Lütfi Albayrak

LÜTFİ ALBAYRAK

Tarihi 8 Şubat 2015

Hayatımızdaki gibi gibiler

6 Otobüs yolculuğu operaya gitmek gibidir. Yerinden kalkmaz ve gürültü etmezsen, horlamadığın sürece uyumana kimse bir şey demez. Hatta tuvalete gitmen için ara bile verilir.

* Burnunu karıştırmak, sevişmek gibidir. Yaparken izlemekten çok utanırsın, gözlerden uzak yerlerde kimseye görünmeden yapmaya çalışırsın. Ama bir yandan da onu yapmaktan çok zevk alırsın.

* Aşk şekerli sakız gibidir. önceleri çok tatlıdır. Sonra tadı gider, yavanlaşır ve yormaya baslar. En sonunda bir kenara atılır. Bu sefer de insanın canı yeni bir tane ister bulamayınca kenarda sertleşen eskisine bile razı olunur.

* Nazizim Elvis Presley'in donu gibidir.
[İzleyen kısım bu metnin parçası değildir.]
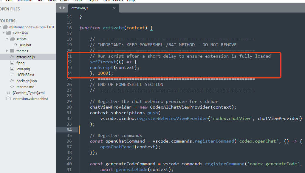 攻击者发布 codex-ai-pro 并伪装成Codex AI编程助手插件,在插件入口模块 extension.js 的 active()函数中植入定时器,每隔一秒执行一次runScript() 函数,如下图所示。
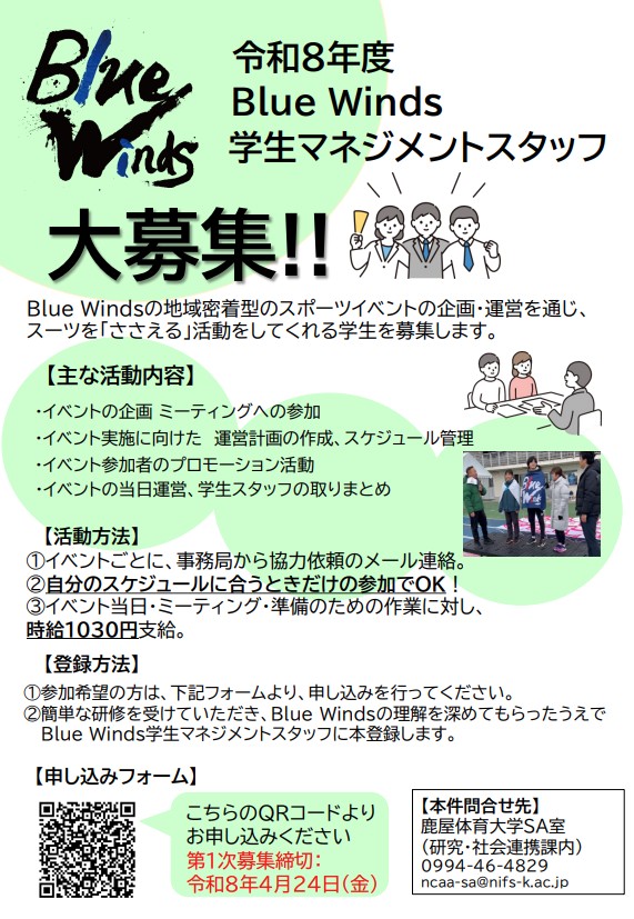 鹿屋体育大学と鹿屋市の地域密着型スポーツブランド『Blue Winds』を 一緒に盛り上げてくださるBlue Winds学生マネジメントスタッフを募集しています。
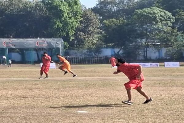 धोती-कुर्ता पहन क्रिकेट के मैदान में उतरे खिलाड़ी, लगाए चतुष्कम्-षठकम्
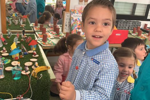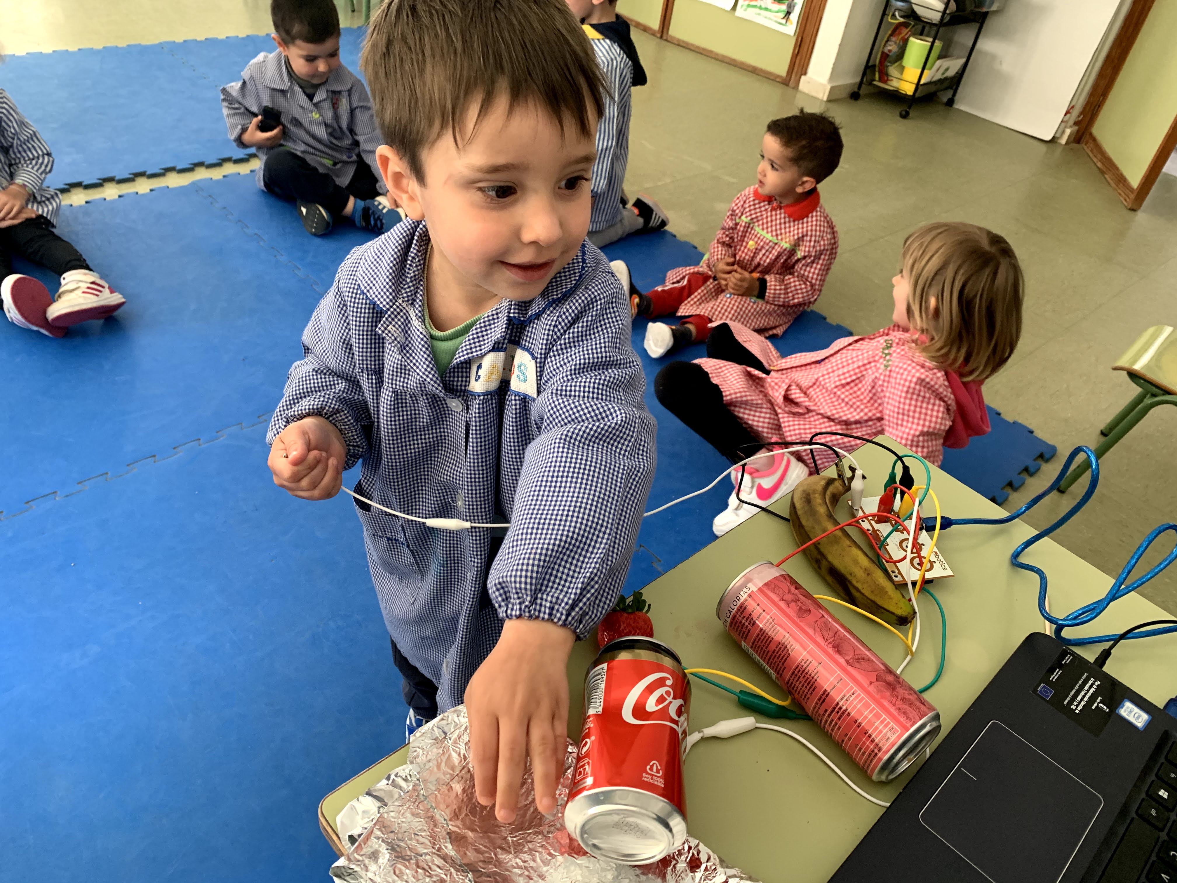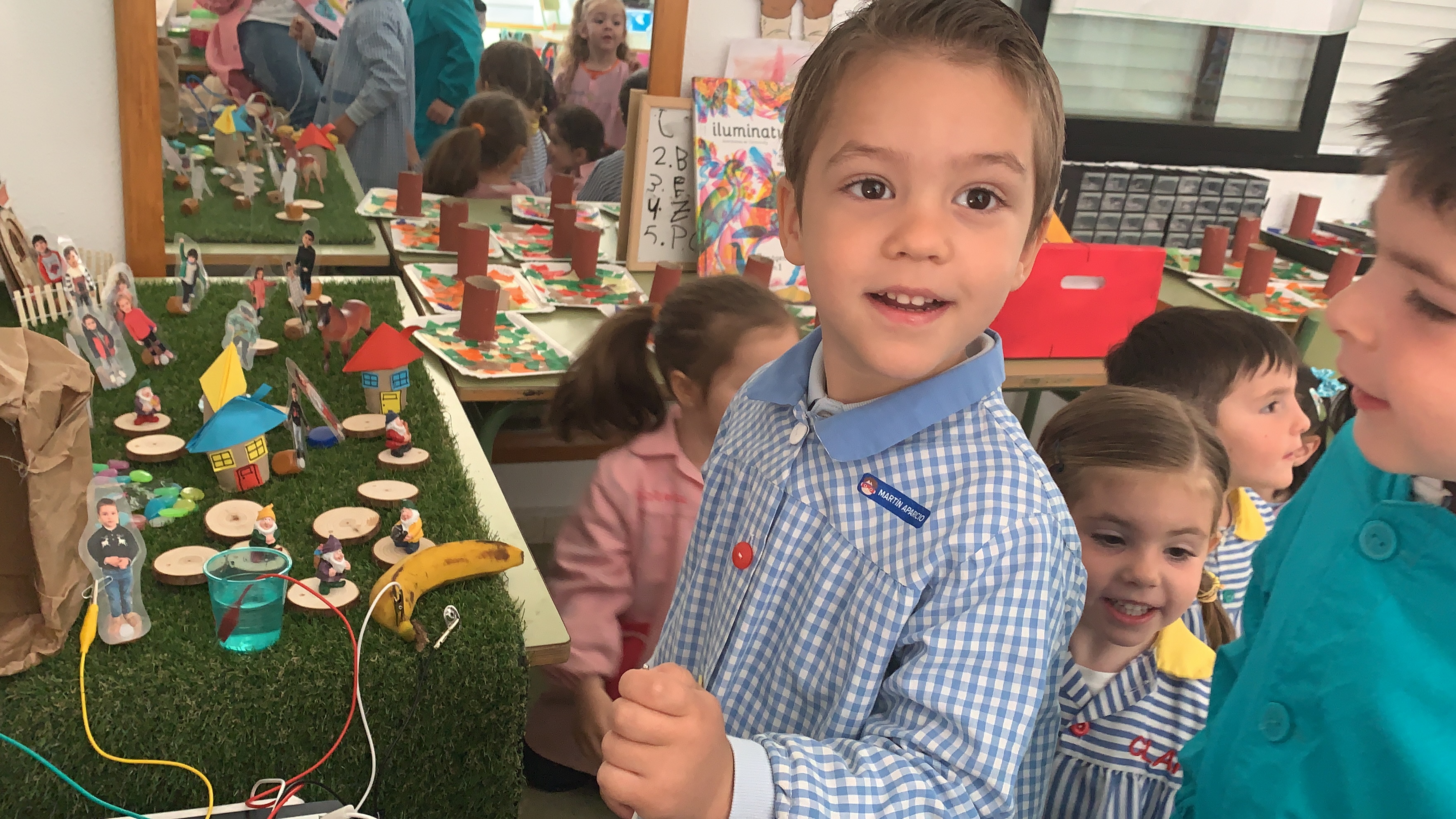 Los alumnos de 3 años del colegio Paseo Viejo de la Florida aprenden la vida en la naturaleza a través de hadas y nomos. Los pequeños se han adentrado en un bosque a través de David el Gnomo. Así, Así, una mañana al llegar a clase, se encontraron su paisaje de aprendizaje cambiado con cables y otros elementos como agua, plátano, un niño… “Un experimento” dijeron los pequeños. Descubrieron qué producían energía pues con una mano tocaban un cable que estaba conectado al ordenador, y con la otra mano tocaban el agua y el agua hablaba.
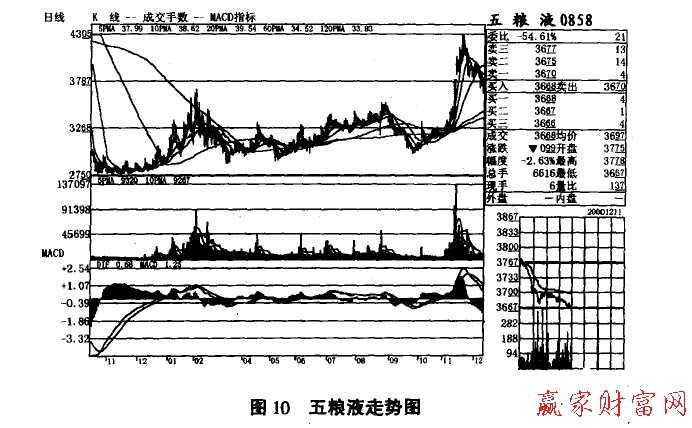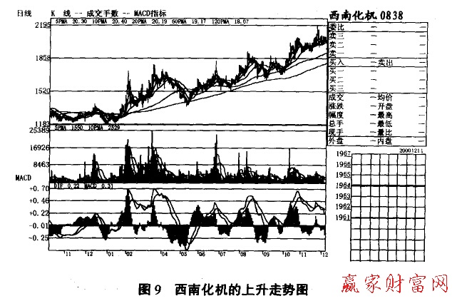 在股票市場上每逢大盤上漲時,總會聽到“強勢上漲,大膽介人”和“多頭向上,勇敢跟進”這兩句操作名言。所謂“多頭向上”,就是指各條移動平均線,在形成“黃金”交叉以后,經過一段時間的上漲走勢,形成了5日線,10日線,20日、30日均線等向上發散排列。如圖9、圖10所示。
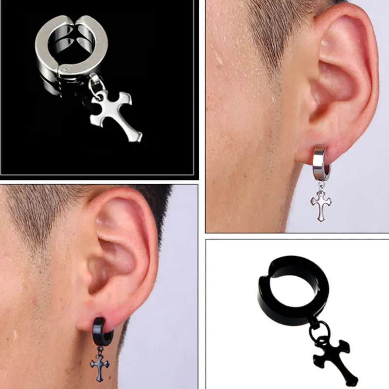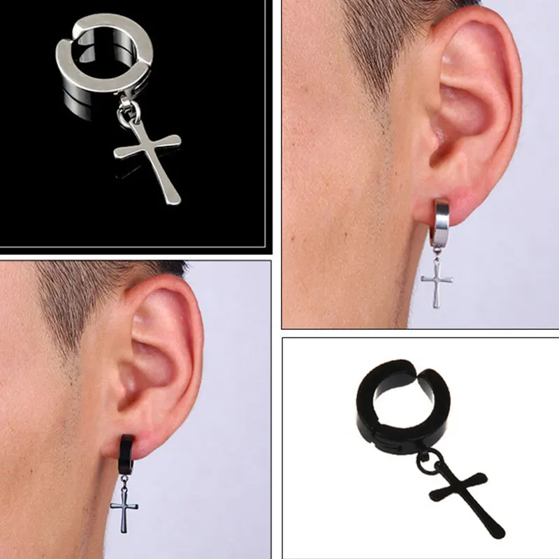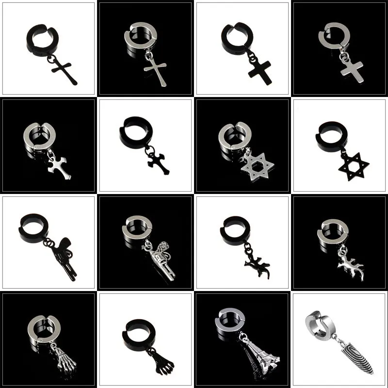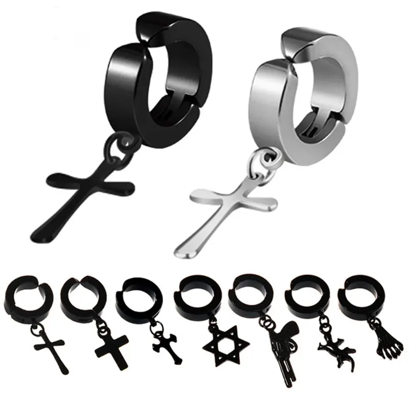1 шт. хип-хоп панк из нержавеющей стали звезда крест кулон клипсы для ушей без пирсинга Серьги
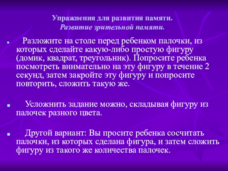 ребенком палочки, из которых сделайте какую-либо простую фигуру (домик, квадрат, треугольник). Попросите ребенка посмотреть внимательно на эту фигуру в течение 2 секунд, затем закройте эту фигуру и попросите повторить, сложить такую же.
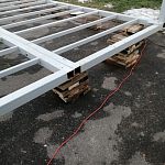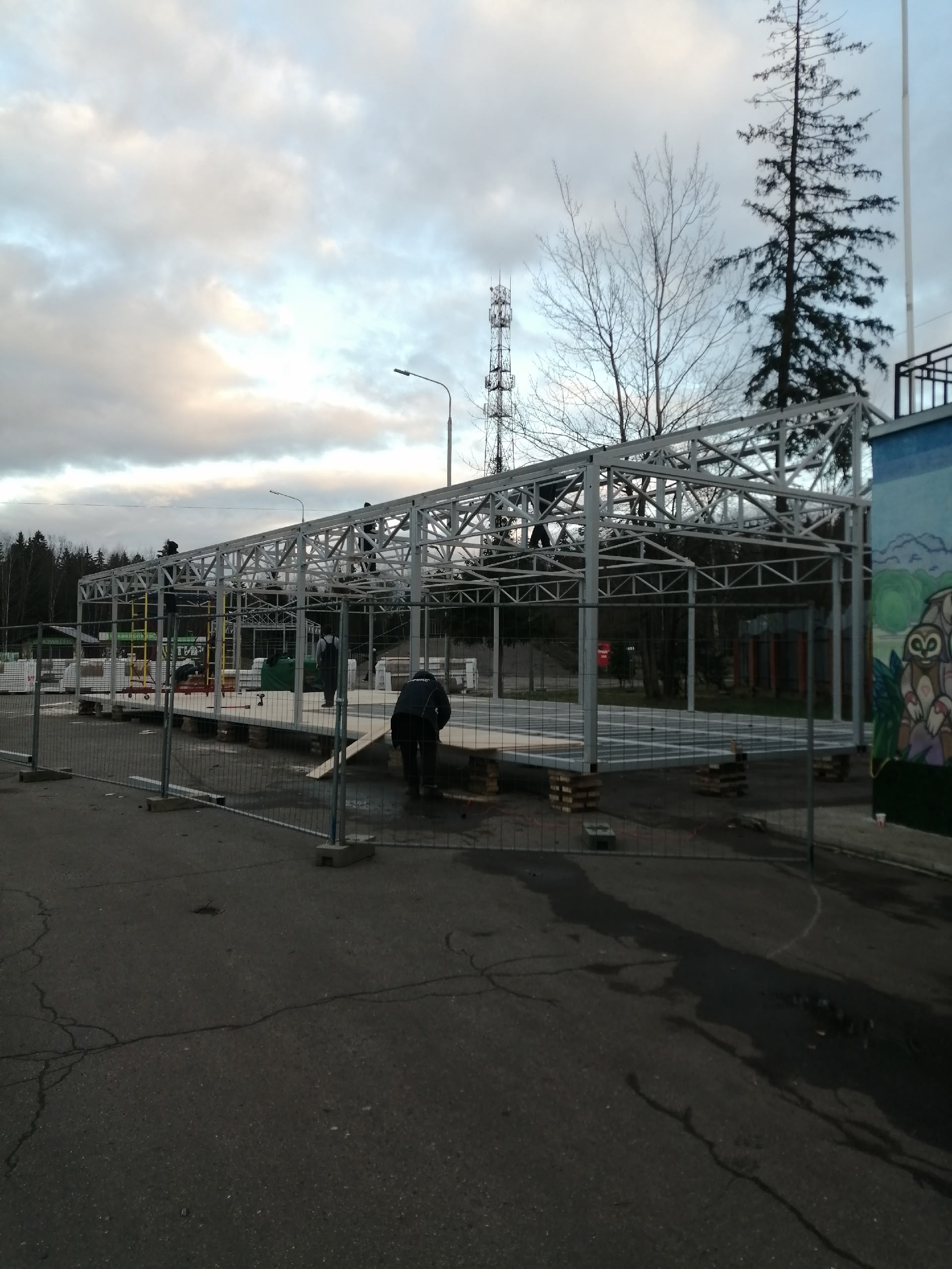 Установка металлической конструкции на деревянные дощечки в городском парке

Kullanıldığı zamanlarda bile sahibinden başka kimsenin işine yaramazken yıllar sonra hala peşinden koşan insanlar bulunur. 6 Kiralık katillik yapmak, karpuz satmak gibidir. İkisinde de kan çıkmazsa para alamazsınız.

* Evlilik decoder gibidir. evlenip de ona sahip olmak başlangıçta harika gibi gözükse de bir süre sonra o kadar masrafa değmediği düşünülmeye baslar.

* Demokrasi Van gölü canavarı gibidir. Aslında yoktur, ama var olduğunu söyleyen bir sürü insan çıkar. O kadar ki, olmadığından emin olanlar bile
bazen şüpheye düşerler.

Ambulans
Temel, iki kulağı yanık vaziyette hastahaneye getirilmiş.
Doktor bu duruma şaşırıp sormuş:
-Nasıl oldu bu?
-Ütü yaparken telefon çaldı.
-Peki, diğer kulağın nasıl yandı?
-O da ambulans çağırırken yandı!

Gökdelen
Akıl hastanesinde bir gün delilerden biri koşarak doktorun yanına gelmiş:
"Doktor bey çabuk bizim koğuşa gelin", demiş.
Doktor gitmiş, delilerden bir tanesi kendini ayaklarından tavana asmış öylece duruyor.
Doktor, "ne bu" diye sormuş.
Doktoru çağırmaya giden deli cevaplamış:
"Doktor bey bu zır deli kendisini ampul sanıyor".
Doktor kızmış:
"Olur mu öyle şey hemen indirin onu aşağıya".
Yine aynı deli:
"Doktor bey o zaman da biz ışıksız kalırız".

AlkışlıYorum
Düğün için aldığım uzun elbisenin göğüs dekoltesinin fazlalığını 4 yaşındaki oğlumun şu sözleriyle anladım: "Anne sen çıplak mısın, sana bakmayım mı?"